The peace of 1736, decided the fate of Stanislaus. It was agreed, that he should abdicate the throne, but that he should retain the title of King of Poland, and Grand Duke of Lithuania; that his private patrimony should be restored; and that he should receive, by way of indemnity, the Dutchies of Lorraine and of Bar; which, after his death, should be united to France.
The quiet life of a philosopher suited the character of Stanislaus; this he enjoyed on his new acquisitions. Happy in contributing to the comfort of his people, he passed his time either in study or with his friends. His benevolence was extended to every class of society, and the wants of the indigent especially engrossed his thoughts. This prince sent to the magistrates of the city of Bar eighteen thousand crowns, to be laid out in the purchase of wheat, when at a low price; who afterwards sold it to the poor at a moderate rate when it became dear. This measure, which reflects as much honour on the goodness of his heart, as his prudence, and the paternal care which he incessantly manifested for his subjects, induced them to give him the surname of Beneficent; the appellation Stanislaus in truth merited.
He proved himself ever the friend of humanity, and instituted several useful establishments. Nancy, Luneville were embellished; the little city of Saint Diez, destroyed by fire, was rebuilt; he founded hospitals for children; seminaries for youth; and houses of retirement for old age. Lorraine under Stanislaus might form some conception of the happiness of Rome under Titus. Happy and flourishing, she only demanded the prolongation of the life of so good a prince, when a tragical accident hastened his death. His Robe de Chambre one morning caught fire, and a fever occasioned by the flames terminated his existence, on the 23d of February, 1766.
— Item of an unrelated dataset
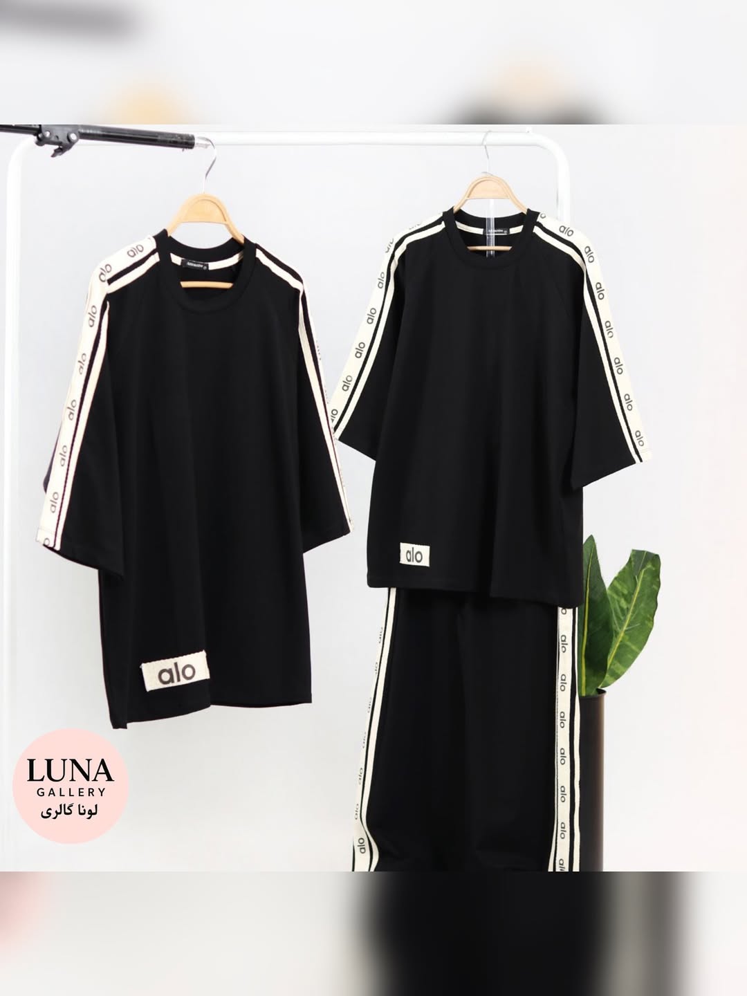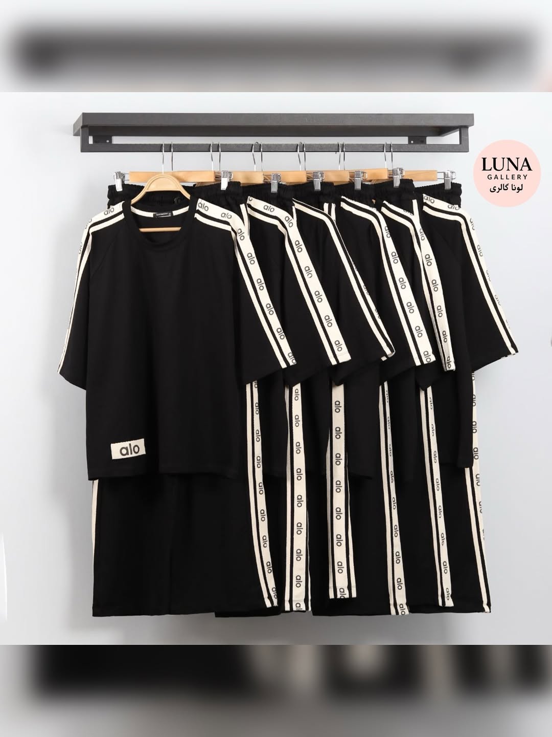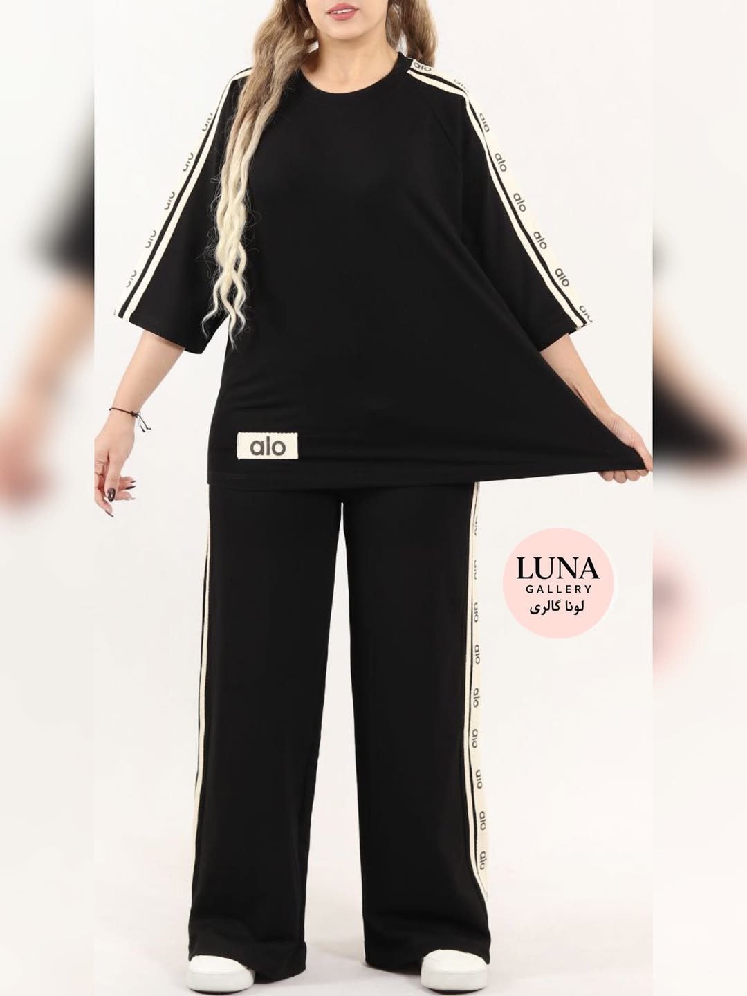 ست تیشرت باکسی و شلوار بگ alo سایزفری 38_46

In the person of Stanislaus may be seen two different men on the same throne; the one worthy of giving happiness to a quiet state, disturbed by no faction, and whose prosperity consists in the paternal attentions of its king. The other incapable, by the indecision of his character, to strengthen a tottering empire, and to demand obedience from a volatile and restless people, inconstant in their affections, and ever ready to arm against their prince. But if Stanislaus had not all the qualities which compose a great king, he had those of a virtuous sovereign. His heart was good, and misfortunes had perhaps augmented his natural kindness. His eloquence was persuasive, nervous, and without art, and his mind active and penetrating. He was ready at repartée, and this talent remained to his last moments.During the fever which his accident produced, the queen recommended him to guard against cold. "You ought rather," he replied, " to caution me against heat."
Stanislaus cherished the arts and cultivated them. His court at Luneville became the Athens of France. He encouraged talents, and appeared to forget his own in giving brilliancy to those of others. He spoke French with purity and elegance. The love of mankind, and his desire to render them happy, gave birth to the various tracts he left behind him, under the title of "The Works of a Beneficent Philosopher," which have been published in 4 vols. 8vo. 1765.